One question that comes up quite often with regard to the IBC requirements for patient rooms is whether gasketing is required in order to limit smoke infiltration. While there is a stated limit for air transmission for fire door assemblies in corridors and smoke barriers, patient room doors do not fall into that category. There is no mention in paragraph 407.3.1 of smoke infiltration or UL 1784 – Air Leakage Tests of Door Assemblies and Other Opening Protectives, so gasketing is not mandated by this section. Prior to the 2015 edition of the IBC Commentary, there was a reference that caused a lot of confusion. When addressing the section on smoke and draft control doors, the Commentary stated: “Section 407.3.1 requires corridor doors in Group I-2 to ‘limit the transfer of smoke’; therefore, those doors must meet this section.” Although there was no code requirement for patient room doors to meet the limitations for smoke and draft control doors, some AHJs expected patient room doors to comply with the stated limits for air transmission based on the Commentary language. The incorrect statement was removed from the 2015 edition of the Commentary.

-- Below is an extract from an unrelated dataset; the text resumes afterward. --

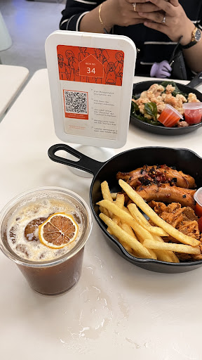This way their system doesn't make sense at all. You have to find a table, scan the QR code there for the ordering system, which binds your order to that table, and then your order won't be finalized until you pay. If you pay by cash, you have to leave your table - during which someone else might occupy your table if you're alone. At the end, when they serve your food, they'll call you by name, making the binding to the table useless.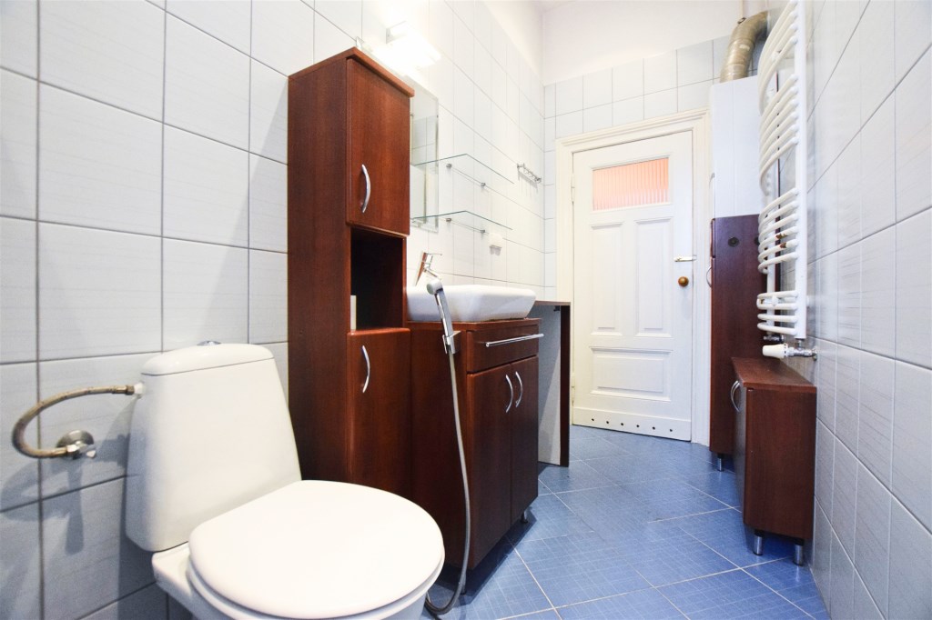 Lokal składa się z 4 pokoi, kuchni, łazienki z prysznicem, przedpokoju oraz spiżarni.

Another common question is whether patient room doors are required to be inspected annually, as fire door assemblies are. The general consensus is that because the doors are not fire door assemblies, the annual inspection and documentation is not mandated, but the doors, frames, and hardware must be kept in proper working order. Corridor doors that are fire door assemblies, such as doors leading to stairwells or incidental use areas that require a rating, would be subject to the annual inspection. Doors required to comply with NFPA 105 – Standard for Smoke Door Assemblies and Other Opening Protectives would also have to be inspected annually, but the model codes do not require health care corridor doors to meet this standard. The Joint Commission issued a bulletin clarifying this in 2018.

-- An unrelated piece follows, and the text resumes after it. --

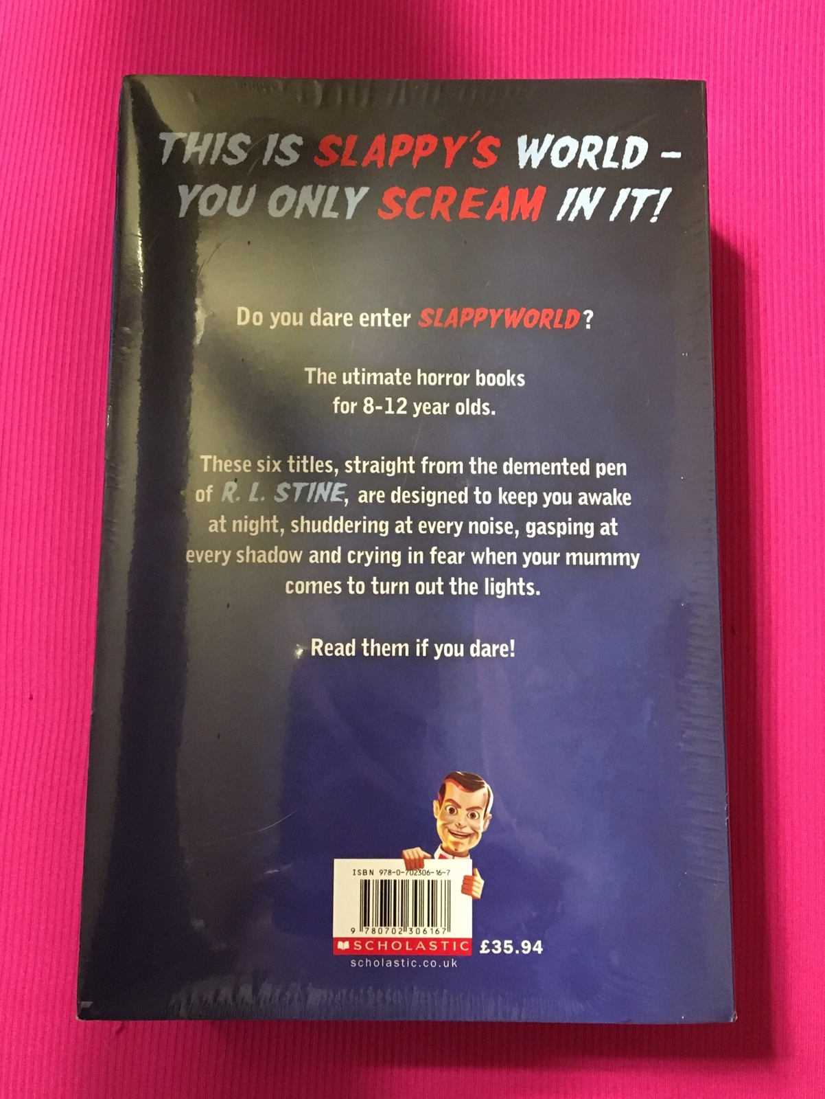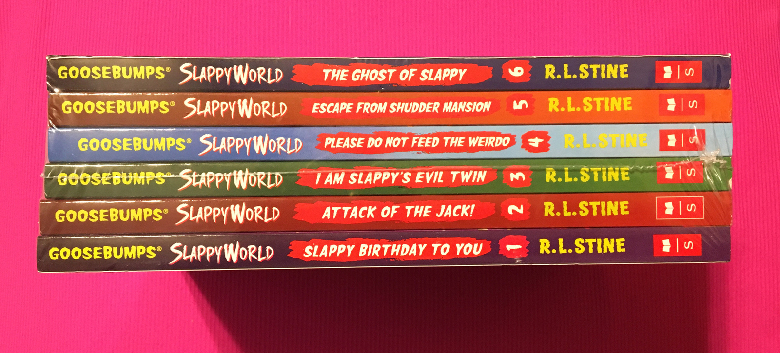 Goosebumps Slappyworld Series 6 Books Collection Set By R.L. Stine. The ultimate horror books for 8 to 12-year-olds. These six titles, straight from the demented pen of R.L. Stine, are designed to keep you awake at night, shuttering at every noise, gasping at every shadow and crying for when your mummy comes to turn out the lights. Read them if you date!

The requirements of the model codes have helped to reduce the frequency of fatal fires in hospitals and nursing homes, improving life safety for patients and staff. Properly-maintained corridor doors can help to protect patients sheltered in their rooms during a fire. For more information on the requirements for patient room doors in a health care facility, refer to the codes and standards that have been adopted by the facility’s jurisdiction. The AHJ is responsible for enforcing these requirements, and has the final say.
*Note: For doors protecting pass-through openings, NFPA 101 allows a maximum clearance of 1/8-inch at the bottom of the door. These are typically small openings used for passing medication or equipment into the patient room. Because the bottom of the pass-through door is normally above the neutral pressure plane that would occur during a fire, the clearance at the bottom of these doors is more limited than the clearance for a standard door.